RECORDS FOR THE EXERCISE —
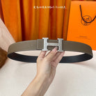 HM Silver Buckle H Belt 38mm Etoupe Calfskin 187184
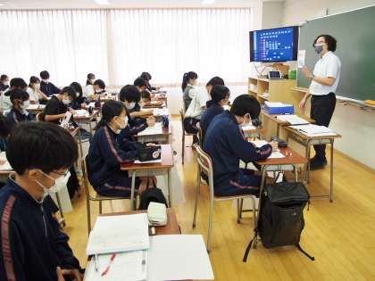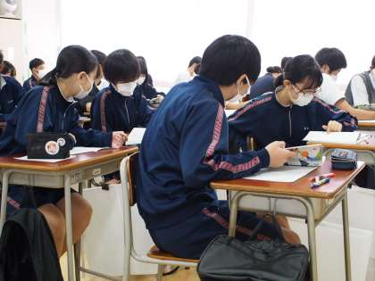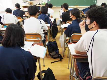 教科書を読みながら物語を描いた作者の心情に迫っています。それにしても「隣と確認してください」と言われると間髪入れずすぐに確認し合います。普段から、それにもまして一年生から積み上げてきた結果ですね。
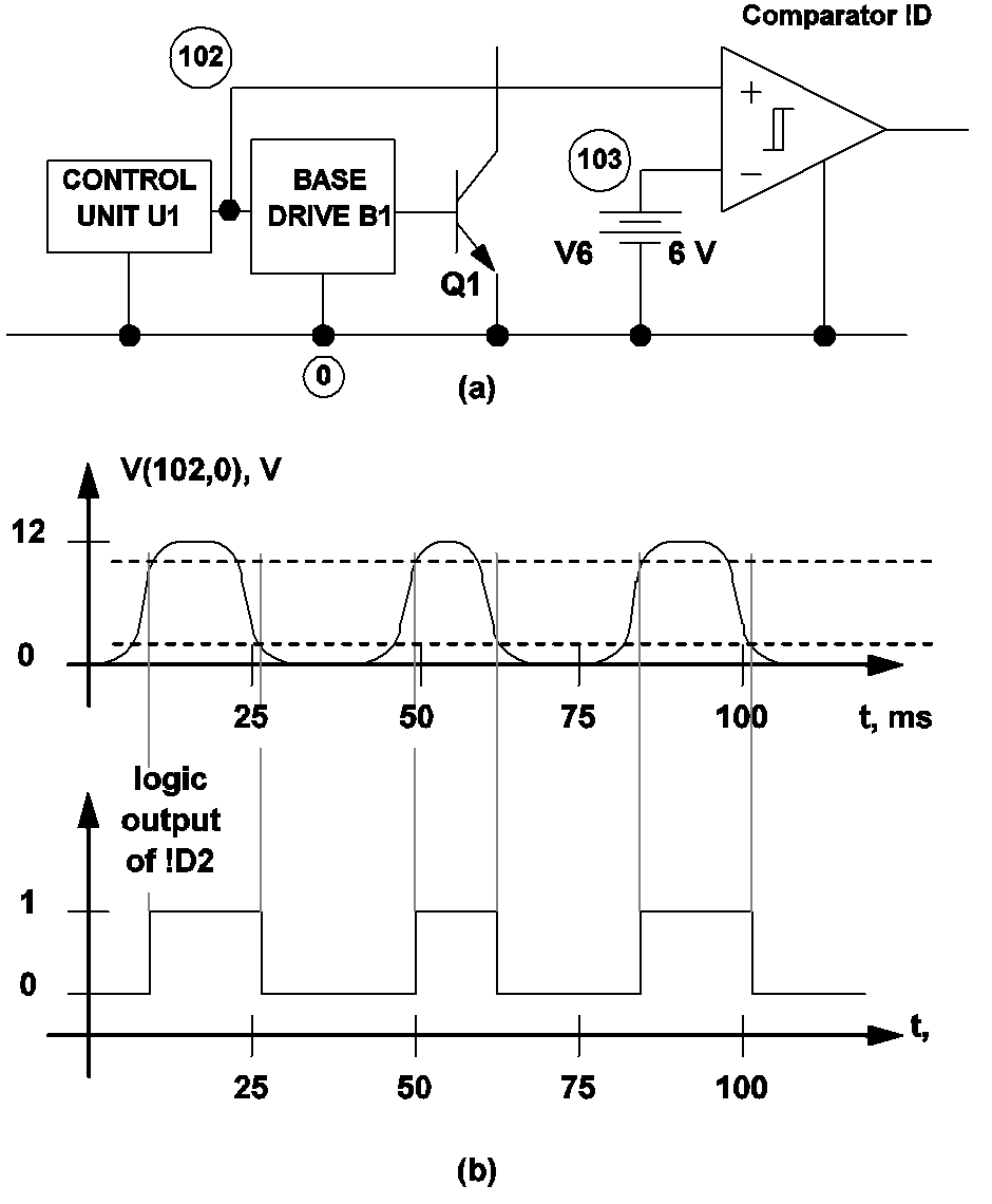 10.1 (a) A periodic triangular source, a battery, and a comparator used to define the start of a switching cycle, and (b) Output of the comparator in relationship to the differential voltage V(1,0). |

--

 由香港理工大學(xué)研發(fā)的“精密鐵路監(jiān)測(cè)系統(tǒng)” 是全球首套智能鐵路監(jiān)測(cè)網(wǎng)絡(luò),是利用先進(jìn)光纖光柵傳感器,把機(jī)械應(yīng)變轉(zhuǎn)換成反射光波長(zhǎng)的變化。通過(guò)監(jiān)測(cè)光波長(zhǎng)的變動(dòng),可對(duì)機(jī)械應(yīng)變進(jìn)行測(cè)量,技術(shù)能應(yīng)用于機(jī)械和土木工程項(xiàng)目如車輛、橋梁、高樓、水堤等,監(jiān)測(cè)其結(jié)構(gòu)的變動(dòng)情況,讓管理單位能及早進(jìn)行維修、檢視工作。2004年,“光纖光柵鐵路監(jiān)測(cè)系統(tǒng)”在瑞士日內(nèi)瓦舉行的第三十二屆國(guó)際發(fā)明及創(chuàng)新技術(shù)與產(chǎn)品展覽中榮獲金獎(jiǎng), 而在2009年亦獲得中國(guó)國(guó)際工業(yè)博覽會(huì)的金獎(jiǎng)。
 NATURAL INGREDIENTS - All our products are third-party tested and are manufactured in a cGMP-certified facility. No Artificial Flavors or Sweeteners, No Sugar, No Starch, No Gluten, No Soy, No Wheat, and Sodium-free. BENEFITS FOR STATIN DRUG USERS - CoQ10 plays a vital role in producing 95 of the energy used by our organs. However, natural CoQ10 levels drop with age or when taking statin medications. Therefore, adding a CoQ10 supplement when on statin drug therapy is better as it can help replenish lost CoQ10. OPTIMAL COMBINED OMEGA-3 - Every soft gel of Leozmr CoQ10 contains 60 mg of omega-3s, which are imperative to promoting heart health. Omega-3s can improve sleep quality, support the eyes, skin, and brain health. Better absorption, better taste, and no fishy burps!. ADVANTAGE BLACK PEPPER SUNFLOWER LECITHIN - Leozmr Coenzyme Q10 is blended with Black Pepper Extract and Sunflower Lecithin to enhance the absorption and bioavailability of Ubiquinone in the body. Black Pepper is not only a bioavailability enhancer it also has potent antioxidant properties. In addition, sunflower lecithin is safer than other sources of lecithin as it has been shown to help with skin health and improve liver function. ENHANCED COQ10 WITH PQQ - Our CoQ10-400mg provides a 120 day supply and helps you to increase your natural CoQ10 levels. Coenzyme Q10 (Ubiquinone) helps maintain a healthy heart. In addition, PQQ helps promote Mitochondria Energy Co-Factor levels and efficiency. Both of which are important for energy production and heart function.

---

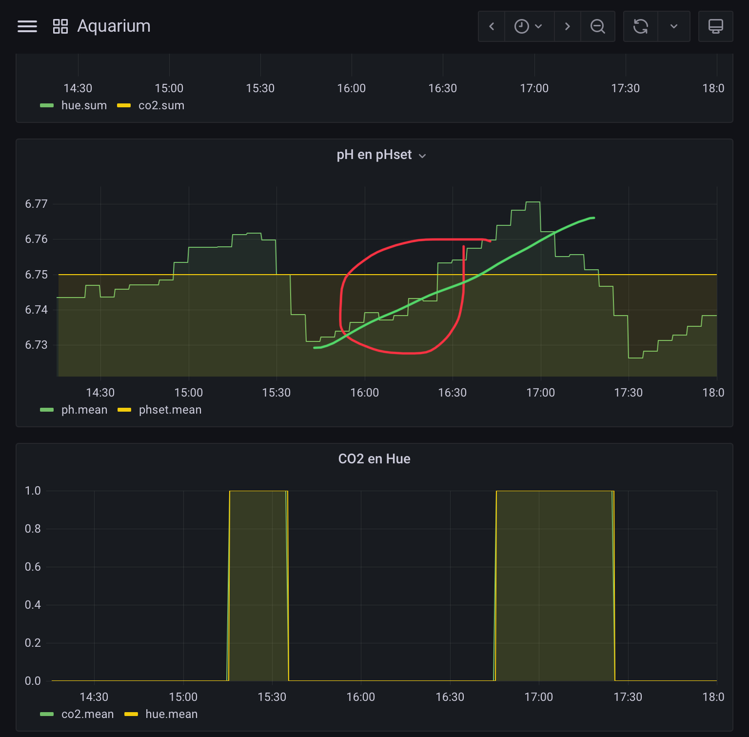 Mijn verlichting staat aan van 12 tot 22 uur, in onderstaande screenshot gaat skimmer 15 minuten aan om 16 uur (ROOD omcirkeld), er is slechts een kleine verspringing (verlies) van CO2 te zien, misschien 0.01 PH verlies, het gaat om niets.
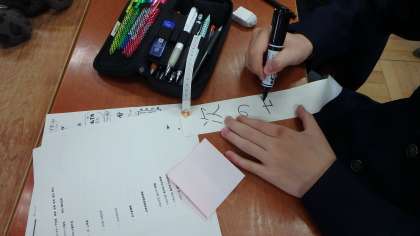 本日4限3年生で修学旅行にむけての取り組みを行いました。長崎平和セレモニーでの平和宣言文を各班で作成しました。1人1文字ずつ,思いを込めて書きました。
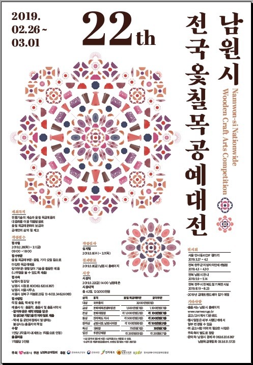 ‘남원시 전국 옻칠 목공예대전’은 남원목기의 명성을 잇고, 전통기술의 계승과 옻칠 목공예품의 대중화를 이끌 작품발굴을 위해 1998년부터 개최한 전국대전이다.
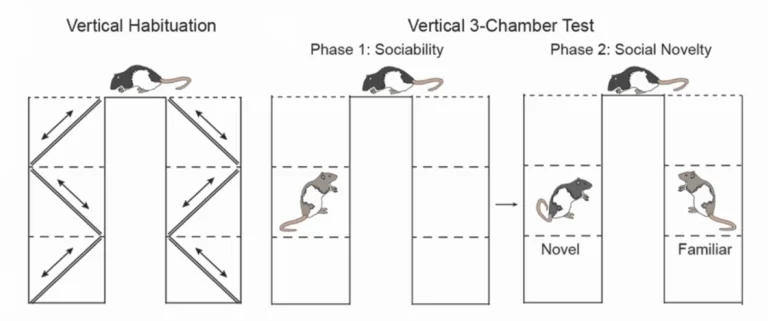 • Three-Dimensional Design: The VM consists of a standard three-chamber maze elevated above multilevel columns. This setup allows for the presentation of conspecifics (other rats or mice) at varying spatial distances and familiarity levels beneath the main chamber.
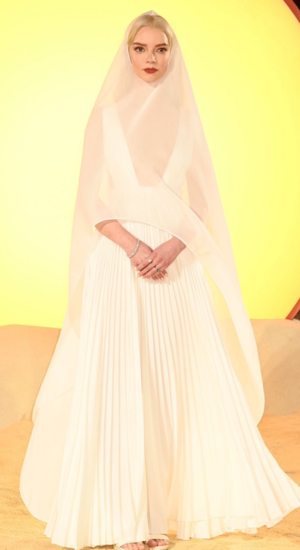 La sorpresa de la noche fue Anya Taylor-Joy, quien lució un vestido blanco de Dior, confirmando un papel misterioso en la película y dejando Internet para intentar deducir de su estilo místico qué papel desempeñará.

ASSIGNMENT — Leaving each picture behind, please give again exactly the lines above from the one with "1998년부터 개최한 전국대전이다." through the one with "the main chamber.", both included, and no others.

EXPECTED ANSWER —
 ‘남원시 전국 옻칠 목공예대전’은 남원목기의 명성을 잇고, 전통기술의 계승과 옻칠 목공예품의 대중화를 이끌 작품발굴을 위해 1998년부터 개최한 전국대전이다.
 • Three-Dimensional Design: The VM consists of a standard three-chamber maze elevated above multilevel columns. This setup allows for the presentation of conspecifics (other rats or mice) at varying spatial distances and familiarity levels beneath the main chamber.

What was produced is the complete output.